**Problem description**. Transcribed word for word, the lines below from the one with "This design features" through the last line of the records form the answer; no picture is to be included.

**Exercise input**.
◆ ◆ ◆
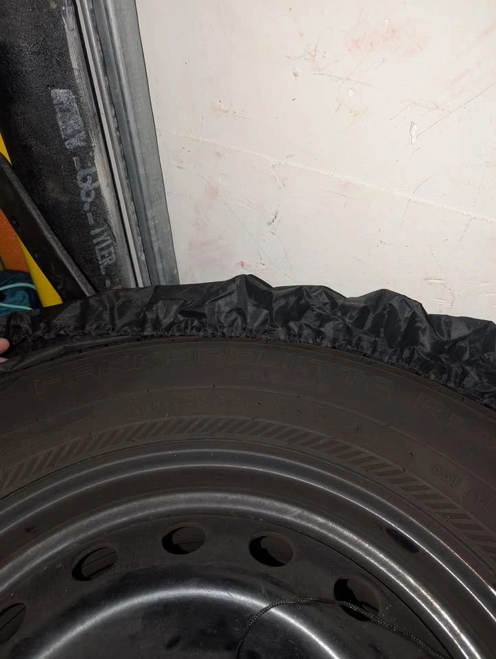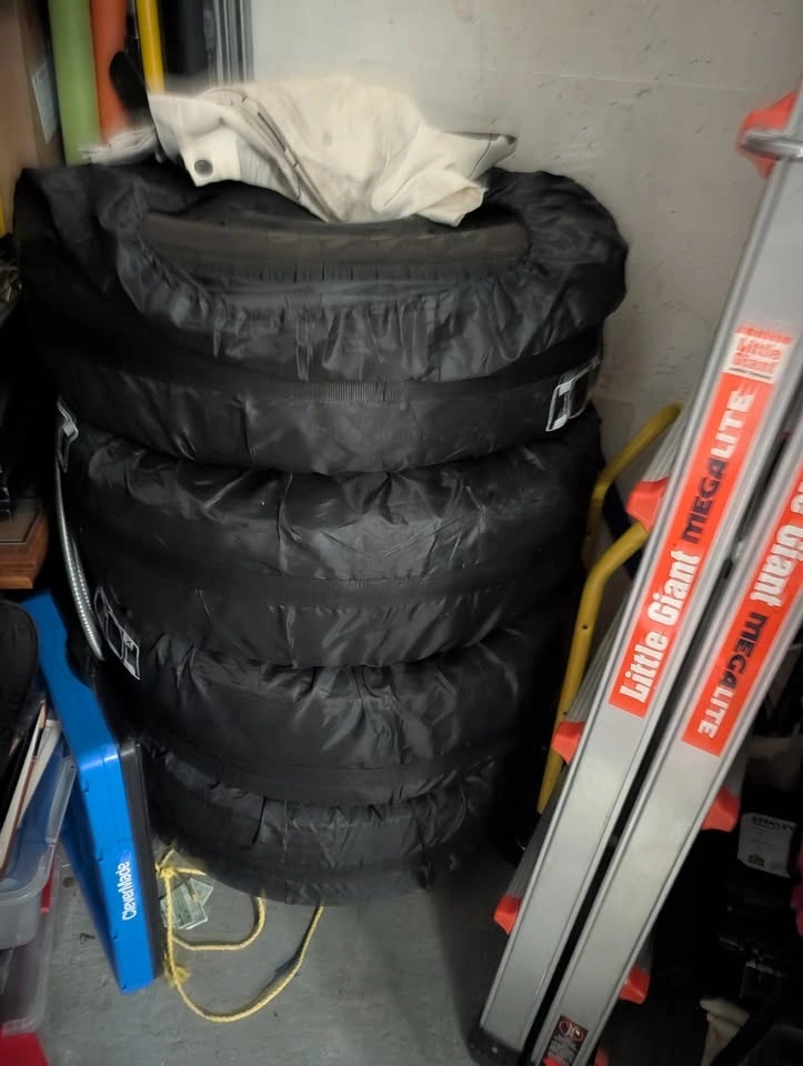 The tires have been stored in protective tire totes in a climate-controlled environment to preserve the rubber compound.
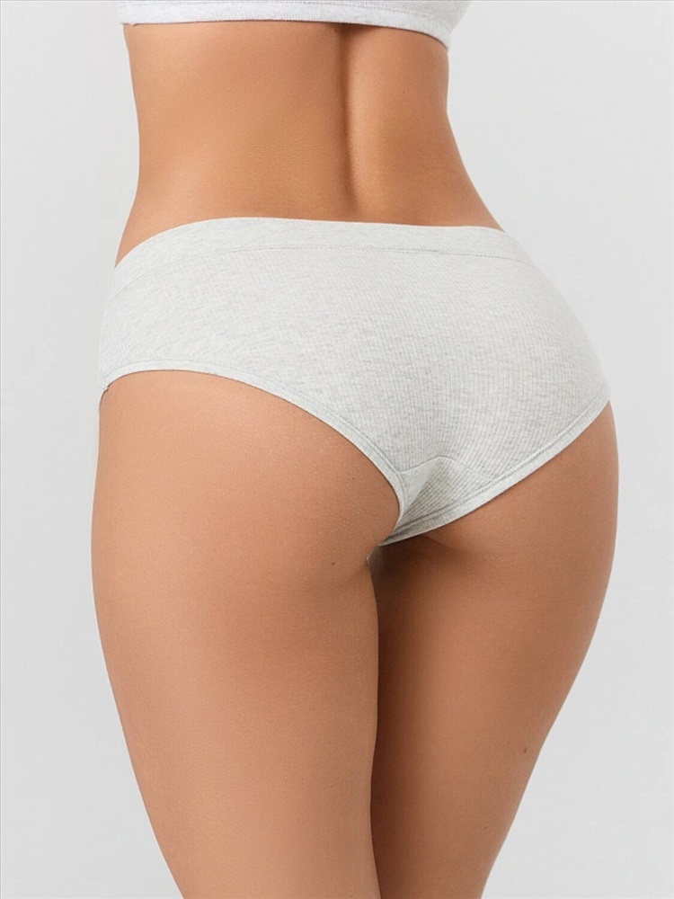 Трусы женские, средняя линия талии, силуэт - слипы. Передняя и задняя детали выполнены из рибаны. Верхний срез трусов обработан бейкой поперечной из рибаны, внутри жилка 6мм. Нижние срезы обработаны бейками поперечными из рибаны. Подкладка ластовицы из хлопка, отлетная по верхнему срезу.
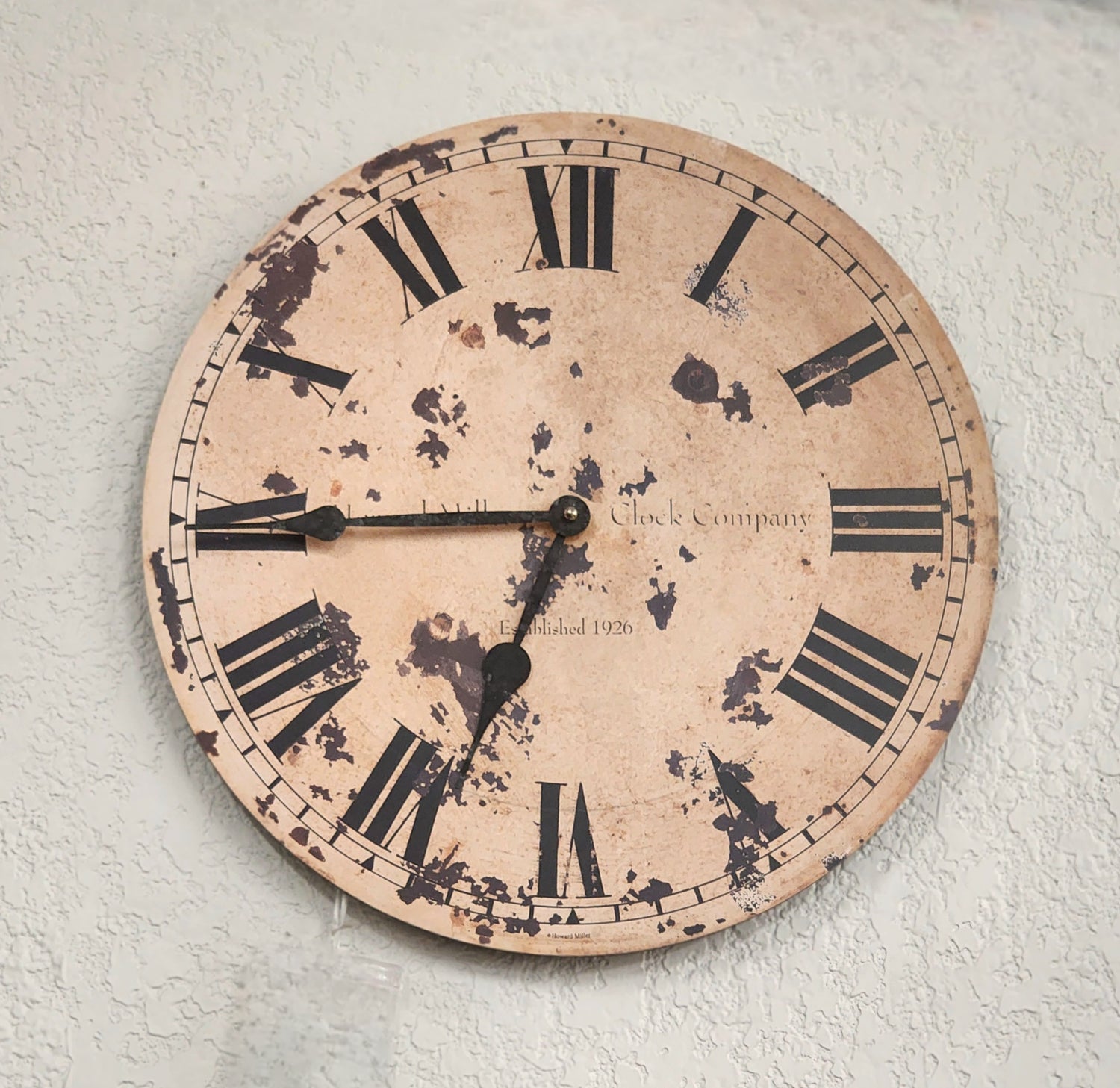 This rare and now collectable "Antique" Wall Clock from Howard Miller is the last available and in-store only. It has a charming rustic and vintage feel to it that absolutely reads as rich wine cellar, Italian countryside, or even farmhouse. It's a perfect way to bring a little character to a room.
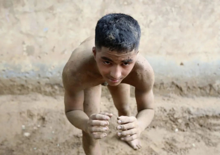 6月29日,一名学员在印度新德里郊外摔跤学校的泥地上练习传统摔跤。新华社/欧新
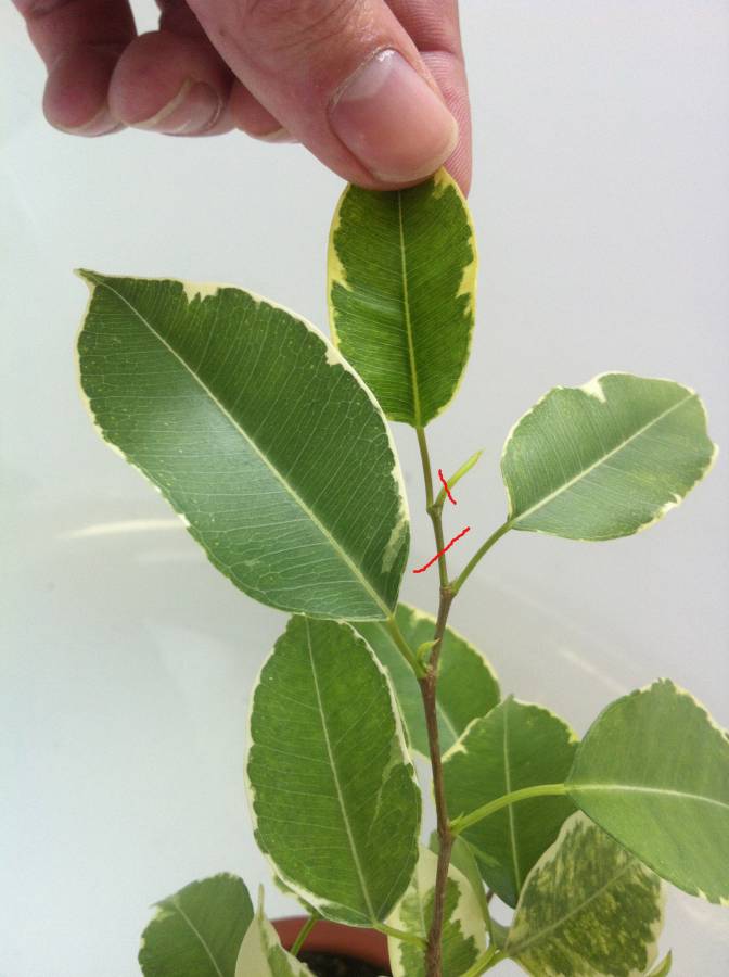 Подскажите как лучше прищипнуть фикус... только почку или вместе с ножкой и листочком?
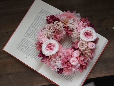 ピンクのリースは可愛らしくなりがちですが、落ち着いた雰囲気にまとめました。
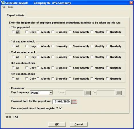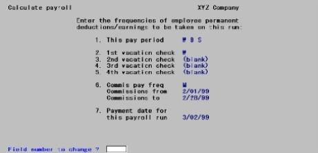 After you have completed entry of all time transactions for a payroll run, you must calculate the paycheck for each time transaction. This is done by selecting and running this selection, Calculate payroll. Before this selection can begin calculating, it must be told which categories of permanent deductions or earnings to invoke for that calculation run. You use the next screen to enter your selections.
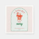 This design features Christmas cocktail theme party "A Tini Bit Merry" with a martini glass and a Santa sitting on it.
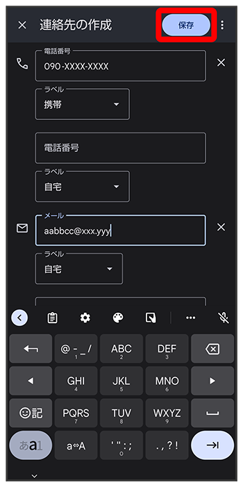 )が切り替わります。 - 新しい連絡先の作成画面でラベル名を入力と操作すると、新しいラベルを追加できます。
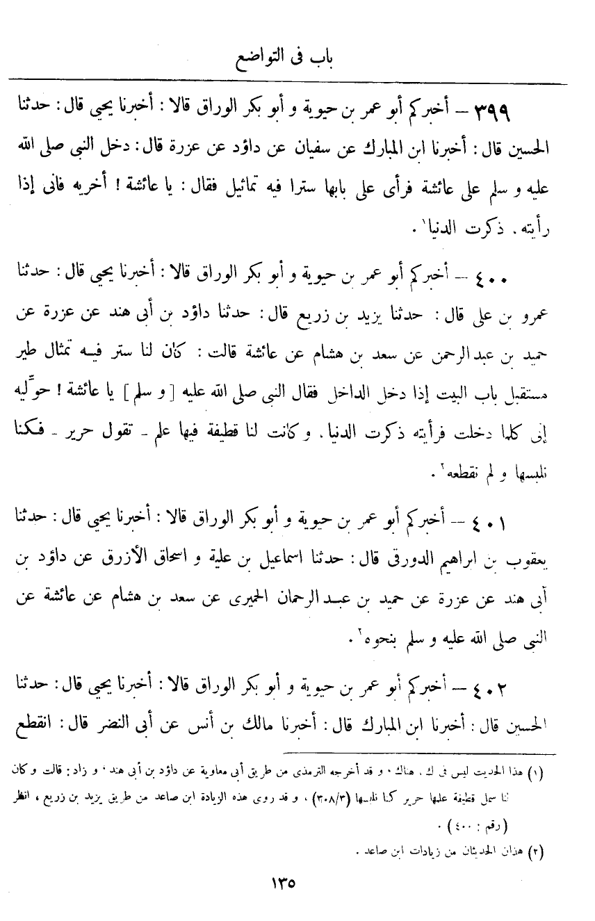 ٣٩٩ - أَخْبَرَكُمْ أَبُو عُمَرَ بْنُ حَيَوَيْهِ، وَأَبُو بَكْرٍ الْوَرَّاقُ قَالَا: أَخْبَرَنَا يَحْيَى قَالَ: حَدَّثَنَا الْحُسَيْنُ قَالَ: أَخْبَرَنَا ابْنُ الْمُبَارَكِ، عَنْ سُفْيَانَ، عَنْ دَاوُدَ، عَنْ عَزْرَةَ، قَالَ: دَخَلَ النَّبِيُّ صَلَّى اللهُ عَلَيْهِ وَسَلَّمَ عَلَى عَائِشَةَ فَرَأَى عَلَى بَابِهَا سِتْرًا فِيهِ تَمَاثِيلُ، فَقَالَ: «يَا عَائِشَةُ، أَخِّرِيهِ فَإِنِّي إِذَا رَأَيْتُهُ ذَكَرْتُ الدُّنْيَا»
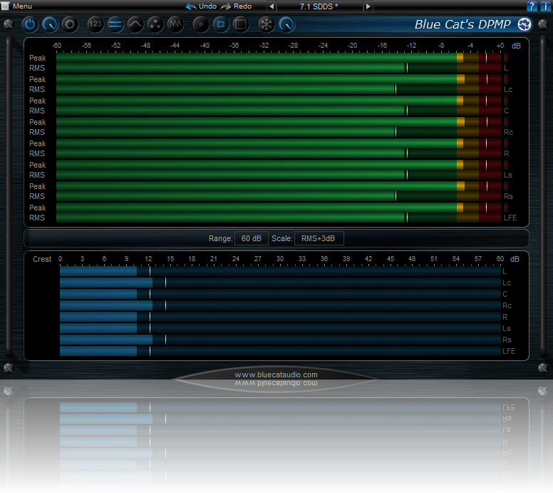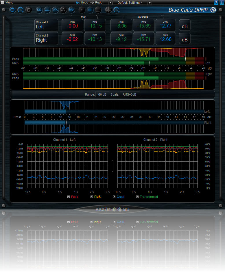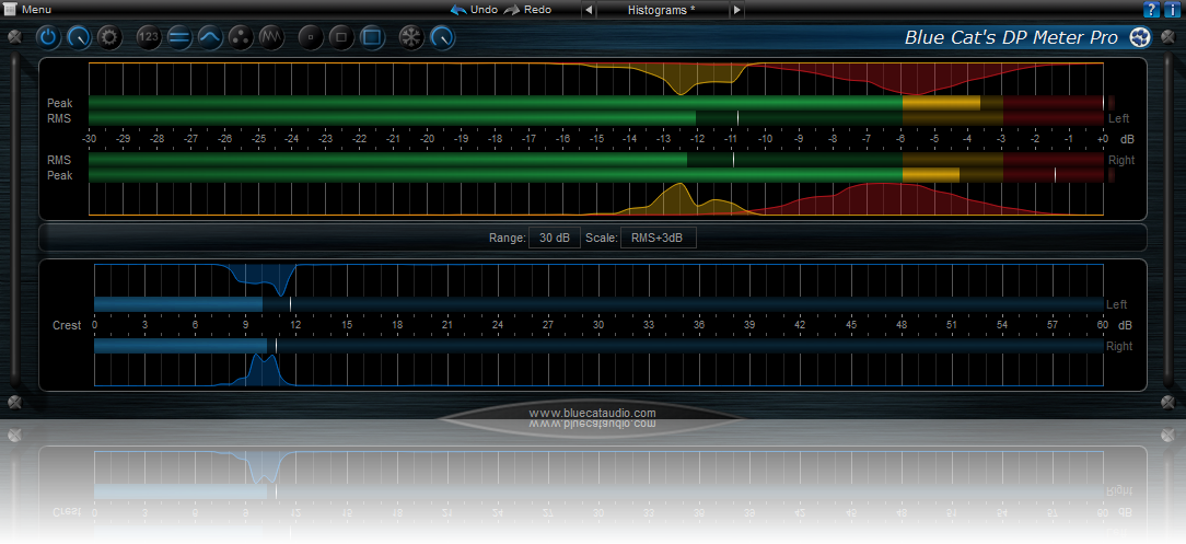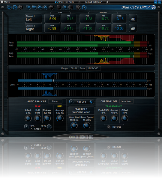 Die Einstellmöglichkeiten des neuen DPMP lassen Sie Ihre Audio-Signale genau so steuern und überwachen (Peak, RMS, Crest Faktor), wie Sie es möchten. Fast jeder Anzeigeparameter kann individuell angepasst werden. Der DPMP beinhaltet nun fünf verschiedene Skalen, einschließlich des sehr beliebten Bob Katz K-System (K-12, K-14 und K-20). Sie können Ihre eigenen Skalen gestalten. Mit den graphischen Anzeigen überwachen Sie die Entwicklung der Audio-Signale über einen bestimmten Zeitraum. Über die Mitte-Seite-Schalter können Sie die Mono-Kompatibilität und die Stereobreite Ihrer Audio-Signale sehr leicht überprüfen.
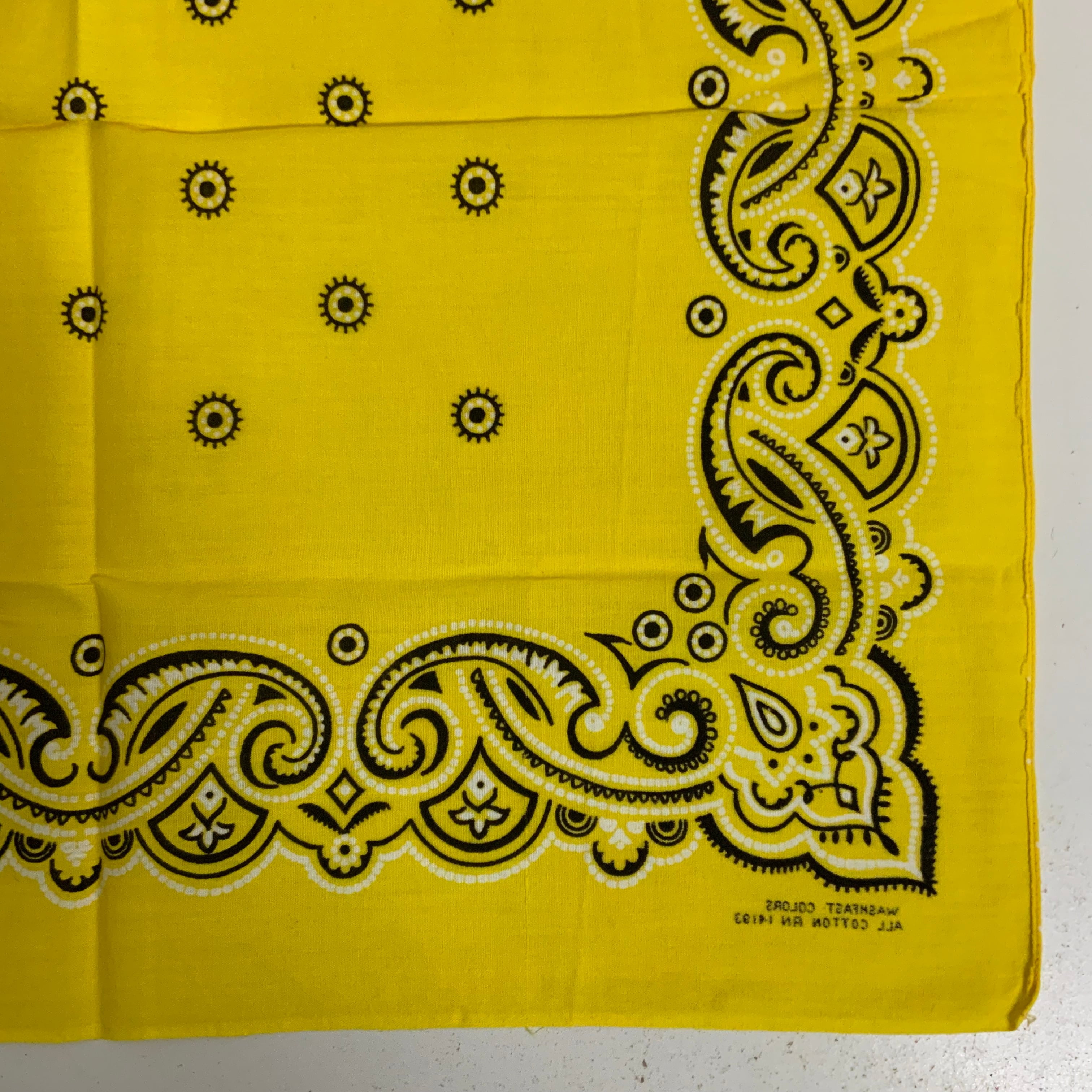 60s WASHFAST COLORS RN 14193ライトイエローバンダナユーズドです。f251010001
◆ ◆ ◆
**Output of the exercise**.
 This design features Christmas cocktail theme party "A Tini Bit Merry" with a martini glass and a Santa sitting on it.
 )が切り替わります。 - 新しい連絡先の作成画面でラベル名を入力と操作すると、新しいラベルを追加できます。
 ٣٩٩ - أَخْبَرَكُمْ أَبُو عُمَرَ بْنُ حَيَوَيْهِ، وَأَبُو بَكْرٍ الْوَرَّاقُ قَالَا: أَخْبَرَنَا يَحْيَى قَالَ: حَدَّثَنَا الْحُسَيْنُ قَالَ: أَخْبَرَنَا ابْنُ الْمُبَارَكِ، عَنْ سُفْيَانَ، عَنْ دَاوُدَ، عَنْ عَزْرَةَ، قَالَ: دَخَلَ النَّبِيُّ صَلَّى اللهُ عَلَيْهِ وَسَلَّمَ عَلَى عَائِشَةَ فَرَأَى عَلَى بَابِهَا سِتْرًا فِيهِ تَمَاثِيلُ، فَقَالَ: «يَا عَائِشَةُ، أَخِّرِيهِ فَإِنِّي إِذَا رَأَيْتُهُ ذَكَرْتُ الدُّنْيَا»
 Die Einstellmöglichkeiten des neuen DPMP lassen Sie Ihre Audio-Signale genau so steuern und überwachen (Peak, RMS, Crest Faktor), wie Sie es möchten. Fast jeder Anzeigeparameter kann individuell angepasst werden. Der DPMP beinhaltet nun fünf verschiedene Skalen, einschließlich des sehr beliebten Bob Katz K-System (K-12, K-14 und K-20). Sie können Ihre eigenen Skalen gestalten. Mit den graphischen Anzeigen überwachen Sie die Entwicklung der Audio-Signale über einen bestimmten Zeitraum. Über die Mitte-Seite-Schalter können Sie die Mono-Kompatibilität und die Stereobreite Ihrer Audio-Signale sehr leicht überprüfen.
 60s WASHFAST COLORS RN 14193ライトイエローバンダナユーズドです。f251010001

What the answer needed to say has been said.